Are CEO's Overpaid?

Are CEO's Overpaid? I confess that my knee-jerk answer to this question is "YES"! But Steve Kaplan makes a strong case for a more nuanced answer in Executive Compensation and Corporate Governance in the U.S.: Perceptions, Facts and Challenges," published in July as Chicago Booth working paper 12-42. Here's a sketch of some of  his arguments and graphs.

 First, just as a matter of getting the facts straight, CEO pay relative to household income did spike back in the go-go days of the dot-com boom in the late 1990s, but since then, it is relatively lower. Kaplan argues that there are two valid ways to measure executive pay. One measure looks at actual pay received, which he argues is useful for seeing whether top executives are paid for performance. The other measure looks at "estimated" pay, which is the amount that financial pay packages would have been expected to be worth at the time were granted. This calculation requires putting a value on stock options, restricted stock grants, and the like, and estimating what these were worth at the time the pay package was given. Kaplan argues that this measure is the appropriate one for looking at what corporate boards meant to do when they agreed on a compensation package.
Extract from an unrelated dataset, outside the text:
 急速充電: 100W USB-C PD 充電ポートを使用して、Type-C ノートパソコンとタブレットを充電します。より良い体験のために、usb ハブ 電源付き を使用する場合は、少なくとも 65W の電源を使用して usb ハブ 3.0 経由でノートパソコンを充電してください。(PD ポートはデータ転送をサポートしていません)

Here's one figure showing actual average and median pay totals for S&P 500 CEOs from 1993 to 2010. Average pay is above median pay, which tells you that there are some very high-paid execs at the top pulling up the average.  Also, average CEO pay spikes when the stock market is high, as in 2000 and around 2006 an  2007. Median realized pay seems to have crept up over time.  
Here's a figure showing estimated pay--that is, the value of the pay packages when they were granted. But this time, instead of showing dollar amounts, this graph shows average and median CEO pay as a multiple of median household income. Average pay again spikes at the time of the dot-com boom. Kaplan emphasizes that estimated CEO pay is on average lower than in 2000 and that the median hasn't risen much. My eye is drawn to the fact that median pay for CEOs goes from something like 60 times median household income back in 1993 to about 170 times median household income by 2010.
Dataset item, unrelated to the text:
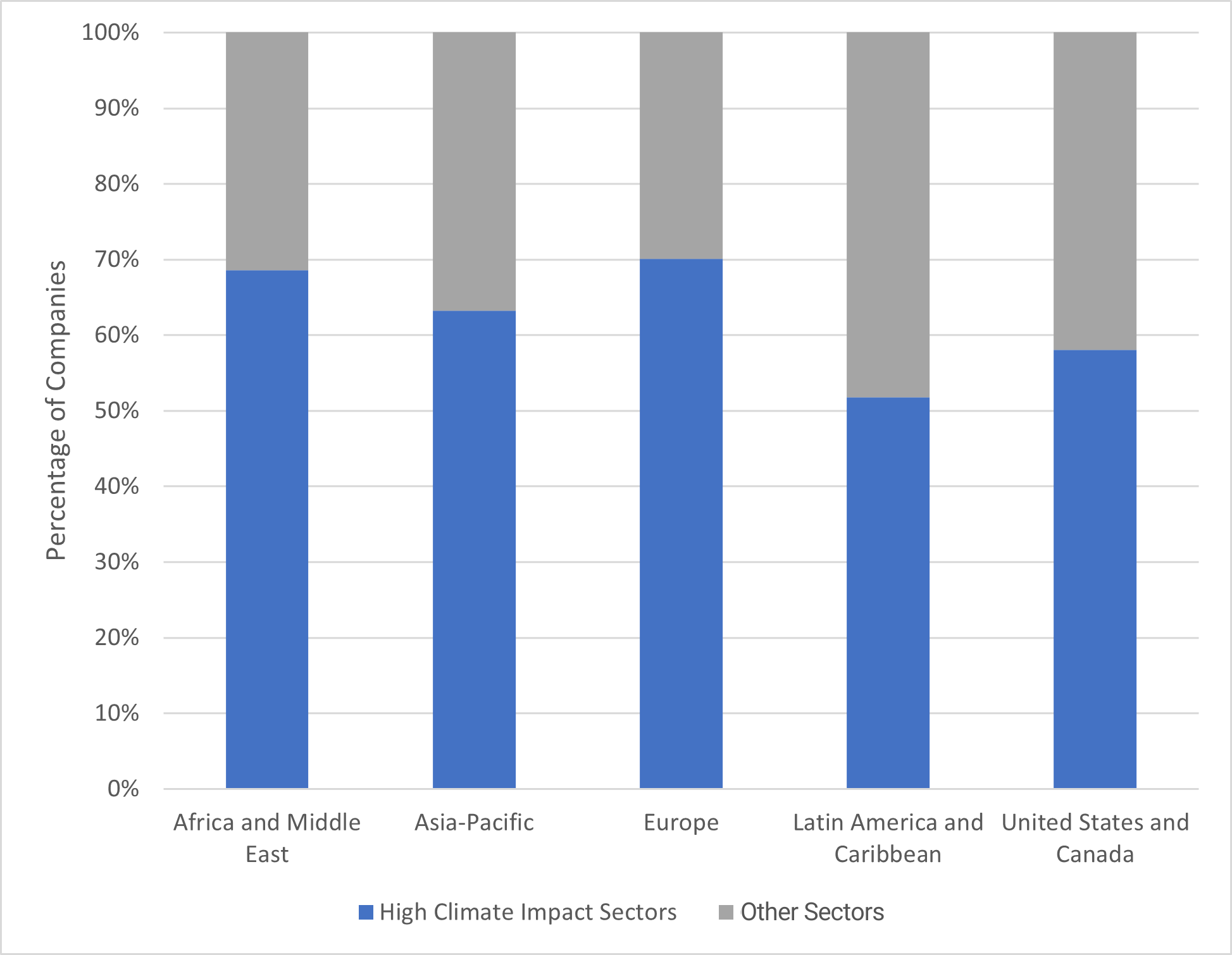 Figure 2. Percentage of High Impact Climate Sectors vs. Other Sectors Across Regions

An obvious question is whether these pay levels are distinctive for CEOs, or whether they are just one manifestation of widening income inequality across a range of highly-paid occupations. Kaplan makes a solid case that it is the latter. For example, here's a graph showing the average pay of the top 0.1% of the income distribution compared with the average pay of a large company CEO.Again, the story is that CEO pay really did spike in the 1990s, but by this measure, CEO pay relative to the top 0.1% is now back to the levels common in the the 1950s.

  

Kaplan also points out that the pay of those at the top of other highly-paid occupations has grown dramatically as well, like lawyers, athletes, and hedge fund managers. Here's a figure showing the pay of top hedge fund managers relative to that of CEOs in the last decade. Kaplan writes: "The top 25 hedge fund managers as a group regularly earn more than all 500 CEOs in the S&P 500. In other words, while public company CEOs are highly paid, other groups with similar backgrounds and talents have done at least equally well over the last fifteen years to twenty years. If one uses evidence of higher CEO pay as evidence of managerial power or capture, one must also explain why the other professional groups have had a similar or even higher growth in pay. A more natural interpretation is that the market for talent has driven a meaningful portion of the increase in pay at the top."    
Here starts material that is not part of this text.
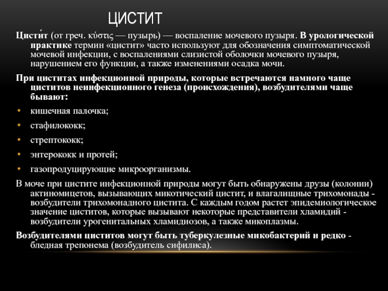 Возбудителями циститов могут быть туберкулезные микобактерий и редко - бледная трепонема (возбудитель сифилиса).

Kaplan also compiles evidence that CEOs of companies with better stock market performance tend to be paid more than those with poor stock market performance, and that CEOs have shorter job tenures. He writes: Turnover levels since 1998 have been higher than in work that has studied previous periods. In any given year, one out of 6 Fortune 500 CEOs lose their jobs. This compares to one out of 10 in the 1970s. CEOs can expect to be CEOs for less time than in the past. If these declines in expected CEO tenures since 1998 are factored in, the effective decline in CEO pay since then is larger than reported above." And the CEO turnover is related to poor firm stock performance ..."

To me, Kaplan makes a couple of especially persuasive points: the run-up in CEO salaries was especially extreme during the 1990s, and less  so since then (depending on how you measure it); and the run-up in CEO salaries reflects the rise in inequality across a wider swath of professions. While I believe the arguments that job tenure can be shorter for the modern CEO, especially if a company isn't performing well, it seems to me that most former CEO's don't plummet too many percentiles down the income distribution in their next job, so my sympathy for them is rather limited on that point.

In this paper, Kaplan doesn't seek to address the deeper question of why the pay for those at the very top, CEOs included, has risen so dramatically.  While the demand for skills at the very top of the income distribution is surely part of the answer, I find it hard to believe that these rewards for skill increased so sharply in the 1990s--just coincidentally during a stock market boom. It seems likely to me that
  cozy institutional arrangements for many of those at the very top of the income distribution--CEOs, hedge fund managers, lawyers, and athletes and entertainers--also plays an important role.